How we think about things is often how we feel about them, according to the principles of cognitive therapy. So it follows that if we change our negative thinking, we can feel better in general.
Linda Miller-deBerard runs Confidential Care Professional Counseling, based in Colleyville, Texas, and emphasizes on cognitive therapy. Here she talks about challenging our negative belief systems in therapy.

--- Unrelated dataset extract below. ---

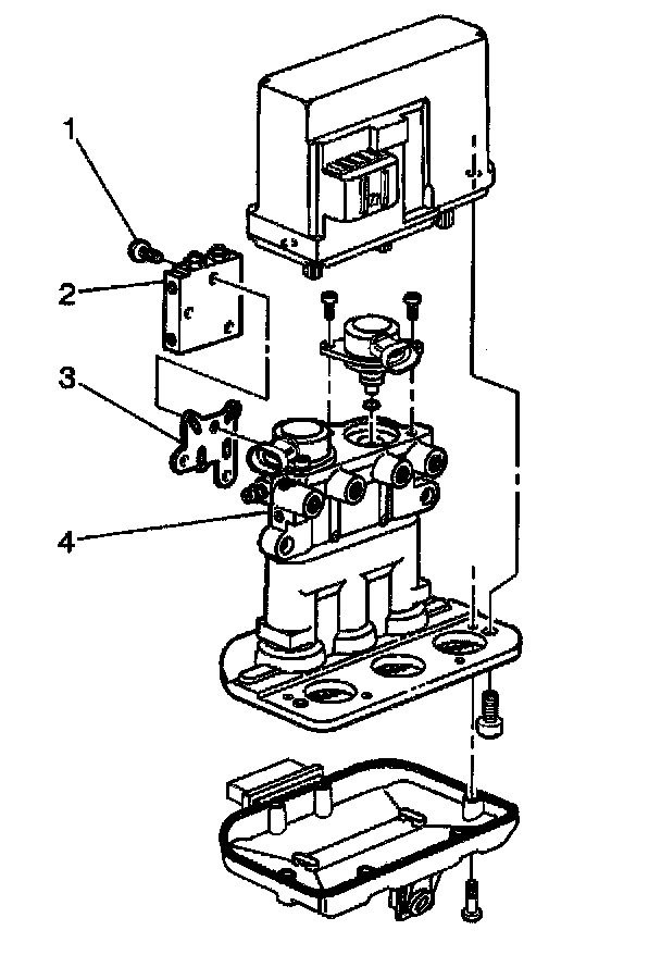 1. Install the brake proportioning valve (2) to the brake modulator assembly (4) using a new gasket.
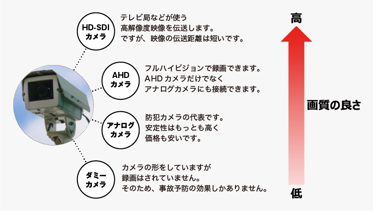 - 防犯カメラのデザインによって、周りに与えるイメージは異なります。そのため目的にあったカメラを選びましょう。

Cognitive therapy is based on the belief that we get our emotions from our thoughts and from our own self-talk. So cognitive therapy is about recognizing the negative self-talk and belief, and beginning to challenge those beliefs. To come up with something that is not only truer, but feels better.
Changing Your Emotions
When somebody can challenge his self-defeating self-talk and shift it to more rational thinking, he has the power to change his emotions.
Sometimes people are aware of their negative self-talk, and sometimes they aren’t. And when they aren’t, I believe that journaling is a critical tool to help them begin to recognize how they are really talking to themselves.
I tell them that keeping a journal is like keeping an x-ray of their thoughts. And once they have that x-ray to see where things are broken, they have something tangible to begin to challenge so they can make those thought shifts.
Cognitive therapy cannot work for everything, however. It is a little hard to apply to anger management, for example, as anger is such a quick emotion that it’s hard to catch those thoughts. It’s usually hard to apply them after the facts.
Recognize and Challenge Your Thoughts
Learning how to recognize and change those thoughts is like building a muscle; first you begin to recognize the thoughts, challenge and change them, then you need to practice until they become a part of you.
Cognitive therapy is more for depression and anxiety, which is what I work on most with individuals who come with me and use this model of therapy. It helps people overcome emotional disorders by recognizing the thoughts that cause them emotional discomfort, and then changing those thoughts.